Parameter Default Range Effect
--window-size (-w) 1000 bp 1000–2500 Width of each assembly window
--pct-overlap (-p) 20% 10–90 Overlap between consecutive windows
--padding (-P) 500 bp 0–1000 Extension on both sides of each input region

Step Size Calculation

The effective step between consecutive window starts is:

step_size = ceil(window_size × (100 − pct_overlap) / 100 / 100) × 100

At defaults (1000 bp, 20% overlap), the step is 800 bp, creating 200 bp overlaps between adjacent windows.

Why Overlap Matters

Variants at window edges risk falling into a "blind spot" where the flanking context is insufficient for reliable assembly. Overlapping windows ensure every genomic position appears in at least two windows with different flanking contexts. The VariantStore deduplicates variant calls using a position-based hash (CHROM + POS + REF), so the same variant discovered by two overlapping windows is emitted only once.

Padding Purpose

Padding extends each BED region by N bases on both sides before windowing. This captures indel breakpoints that straddle region boundaries — a 50 bp deletion centered at a BED endpoint would be missed without sufficient padding. The default of 500 bp accommodates most structural variant breakpoints within Lancet2's detection range.

Trade-offs

  • Larger windows → more RAM per thread but better context for large indels.
  • Smaller overlap → faster (fewer total windows) but higher edge-effect miss rate.
  • Larger padding → more robust at region boundaries but more total work.

  • User tuning: -w / -p / -P (see CLI Reference)

Multi-Sample & Germline Mode

Experimental — No ML model support

Multi-sample and germline-only modes are functional but experimental. No pre-trained ML models are currently provided for variant filtering in these modes. Variant calls will require custom downstream filtering.

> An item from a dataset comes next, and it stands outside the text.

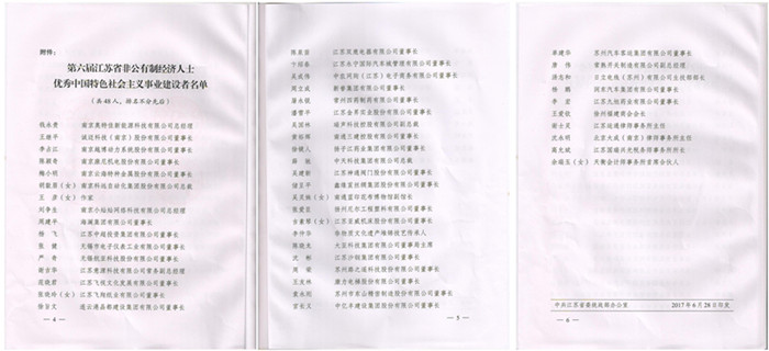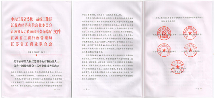 6月28日,由省委统战部、省经信委、省人社厅、省工商局和省工商联联合组织的第六届江苏省优秀中国特色社会主义事业建设者表彰大会在南京召开,省委书记、省人大常委会主任李强、省委副书记、代省长吴政隆、省政协主席蒋定之等出席表彰大会,集团董事长卞绍春受到表彰。

Lancet2 supports two additional operating modes beyond standard tumor-normal somatic calling:

  • Multi-sample somatic: Pass multiple BAMs to --normal, --tumor, and/or --sample. Each unique sample (identified by SM read group tag and role) is tracked independently in the graph. For somatic classification, samples are grouped by role: all control samples contribute to the CTRL aggregate, all case samples contribute to the CASE aggregate. The VCF header generates one column per unique sample. Genotyping is performed independently per sample.

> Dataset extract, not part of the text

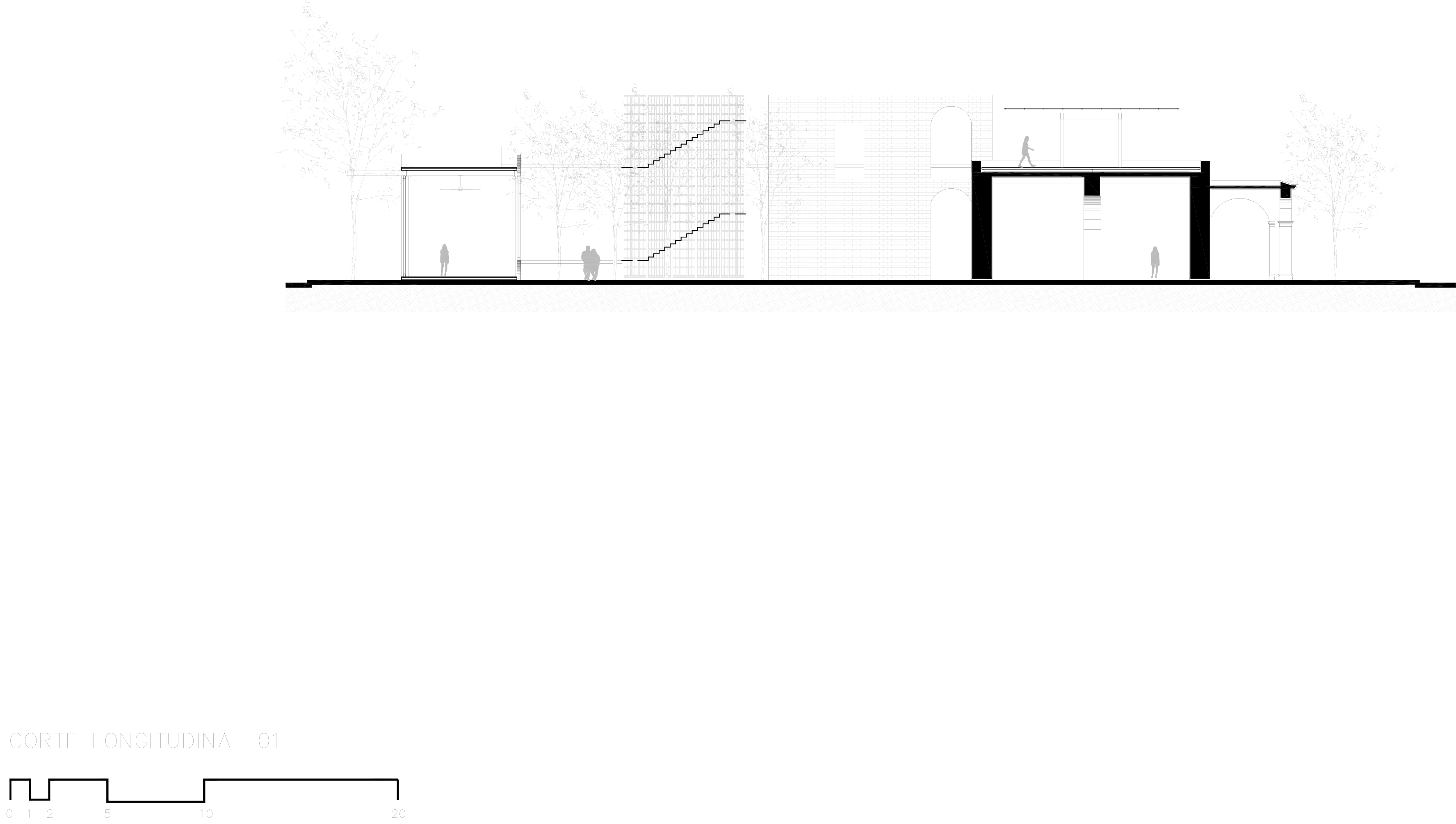 The composition of four adobe planes allowed for a new relationship between the existing building and the new structures, between the past and the present, and between nature and the constructed structures. The building seeks to unfold activities to a second level with other opportunities for wind, views, and light, turning the same rooftops into box seat spaces for cultural activities. The vertical walkway becomes a journey through time in the memory of one of the oldest buildings in this port.

  • Germline-only: Omit the --tumor flag entirely. The VCF output contains no SHARED/CTRL/CASE INFO tags. All variants are reported without somatic classification.

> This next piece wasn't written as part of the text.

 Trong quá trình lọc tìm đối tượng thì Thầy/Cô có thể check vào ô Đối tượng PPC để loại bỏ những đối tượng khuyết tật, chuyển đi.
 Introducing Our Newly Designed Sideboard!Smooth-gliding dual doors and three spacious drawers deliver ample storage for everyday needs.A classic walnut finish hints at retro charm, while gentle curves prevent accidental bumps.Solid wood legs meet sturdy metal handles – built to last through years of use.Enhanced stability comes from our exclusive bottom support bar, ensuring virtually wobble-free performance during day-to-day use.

Additional samples can also be added using the -s,--sample flag alongside --normal/--tumor.

Case/Control terminology

Lancet2 uses case/control terminology to generalize beyond tumor-normal analysis (e.g., treated vs. untreated, responder vs. non-responder). The --normal and --tumor CLI flags remain permanent first-class entry points — tumor-normal somatic calling is the primary supported workflow.

Sample Identity and Ordering

Each sample receives a 0-based index assigned after sorting by (role, SM tag). This index determines:

  1. The sample's per-node read support counter in the graph
  2. The position of the sample's FORMAT column in VCF output
  3. The sample's identity bit for N-sample graph coloring

The same index is shared by all BAM/CRAM files with matching SM read group tags and roles — they are treated as one logical sample split across files. The ordering is deterministic: the same set of input files always produces the same sample indices, regardless of CLI argument order.